November 04, 2025
Crescendo Offers A CX First: Multimodal AI With Simultaneous Voice, Text and Visual Interactions
As customer experiences become less about the written and typed word, consumers will expect to communicate with brands in ways that suit them. Enter Crescendo, with an AI that is happy to communicate in text, verbal or visual methods.
As part of the company’s contact centre offering, which added Amazon’s Nova Sonic voice support earlier in the year, it now goes full multimedia enabling consumers to engage with brands in the most practical or beneficial way.
For example, a chat can start off on the keyboard and then swap to an image (say a faulty product or one that’s the wrong colour) and then receive audio instructions on how to solve a problem or what steps to take next while they are focused on a support page.
In broader use, online shoppers can upload selfies to get an instant, AI-powered skin tone match or the right shade of paint to match a furniture photo, Driver can describe a dashboard warning via chat and have AI connect to the vehicle system, talk them through a fix or provide directions to the nearest garage.
AI is Happy to Talk
Crescendo’s first AI-native contact centre aims to deliver a new standard of customer experience, tying success to real outcomes. That foundation has evolved into a breakthrough that marks the arrival of a next generation of AI for CX – the transition from rigid, scripted systems, to fluid, multimodal intelligence.
“We see huge potential in Crescendo’s Multimodal AI to change how our customers interact with Veer,” said Nick McKay, CEO of Veer, designers of premium all-terrain gear. “If something happens on the trail, parents can instantly chat, talk, or share a photo of their Cruiser so we can help with no restarts. It’s the next step in making every experience feel as effortless as our products — and a glimpse of how shopping and support are evolving together.”

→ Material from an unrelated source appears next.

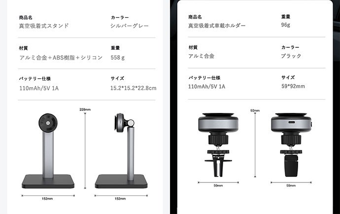 「真空吸着式スタンド&車載ホルダーVacuk」の特徴
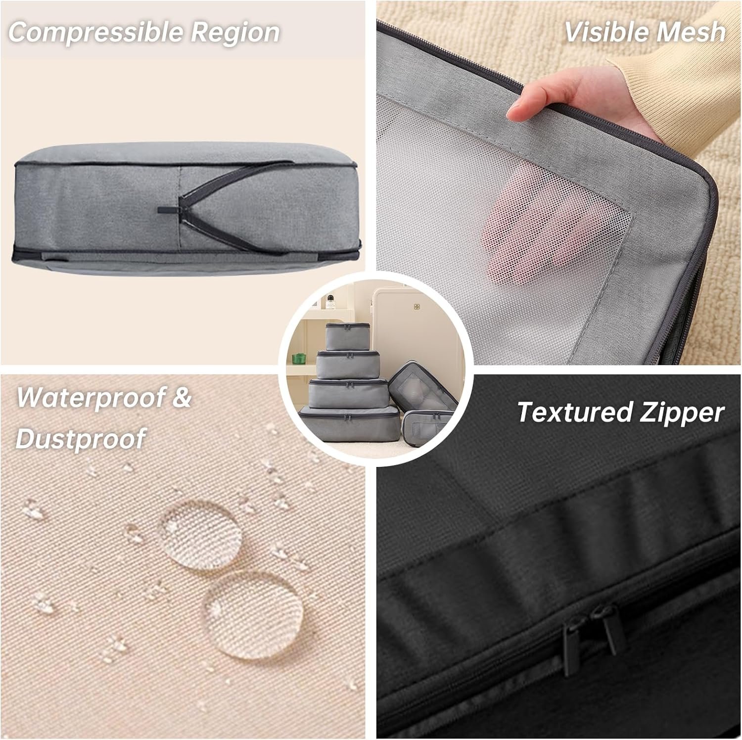 Compression Packing Cubes for Travel 2/4/6 sets, Large Travel Packing organizers for Carry on Luggage, Storage Bags for Backpacking, Suitcases

The Crescendo Secret Sauce, No Workflows
Most AI systems in customer service today rely on workflows: Rigid, pre-programmed scripts that dictate how conversations unfold. These workflow dependencies make it difficult to scale or adapt, forcing organizations to manually define logic for every possible scenario.
Crescendo takes a fundamentally different approach. Its AI Assistants work without the need for workflows, learning directly from the same operational and policy content used by human associates.

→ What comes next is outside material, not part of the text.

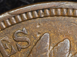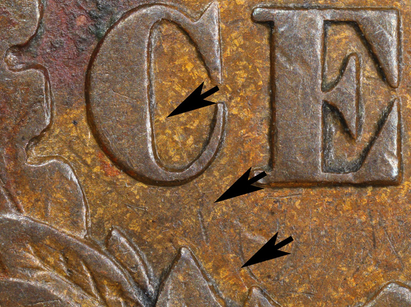 Reverse AL has acquired a clash mark through (C)ENT from a clashing event with Obverse 38.
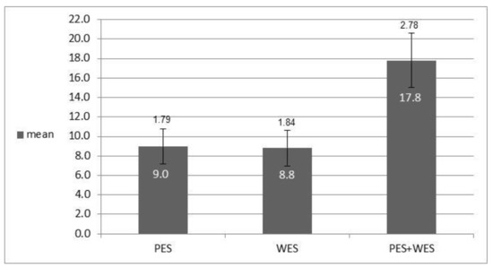 In the combined esthetic results analysis, according to the PES and WES indices (Figure 3, Figure 4 and Figure 5), it was found that the total PES average (9.0 ± 1.79) was higher than the average of the overall WES index (8.8 ± 1.84) and that the weighted average of both was 17.8 ± 2.78.

Instead of being programmed to follow steps, the AI understands company policies, product data and procedures directly from existing knowledge content. And by grounding every response in verified knowledge, Crescendo’s AI prevents hallucinations, achieving 99.8% accuracy.

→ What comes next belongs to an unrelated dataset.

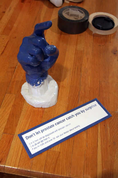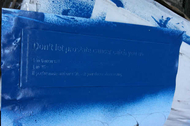 Luego rocía pintura azul en las superficies grabadas, dejar secar y quitar el masking para producir una placa azul y blanca.
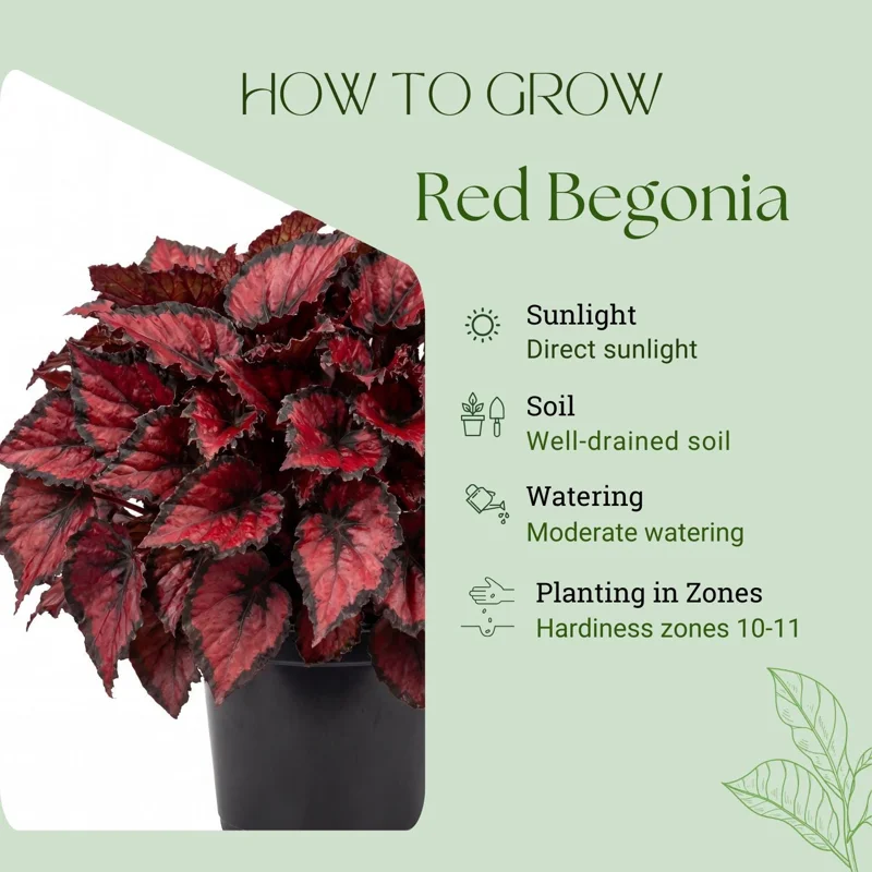 - Q: Will it survive winter in my zone? A: If you are outside of USDA Zones 10–11, your red begonia live plant should be brought indoors or protected from frost during winter months. It is not cold-hardy.

This workflow-free approach allows Crescendo to deploy sophisticated AI Assistants faster, maintain them with less manual effort, and ensure that both AI and human agents operate from the same, accurate information.
For customers already using the Crescendo AI Suite, adding Multimodal AI to their existing solutions can take as little as two weeks by leveraging the same knowledge base and backend integrations.
As for the claim for a first triple-threat chatbot, research shows ElevenLabs does text and speech, while others offer the various components to build a stack. But this does look like the first commercial offering.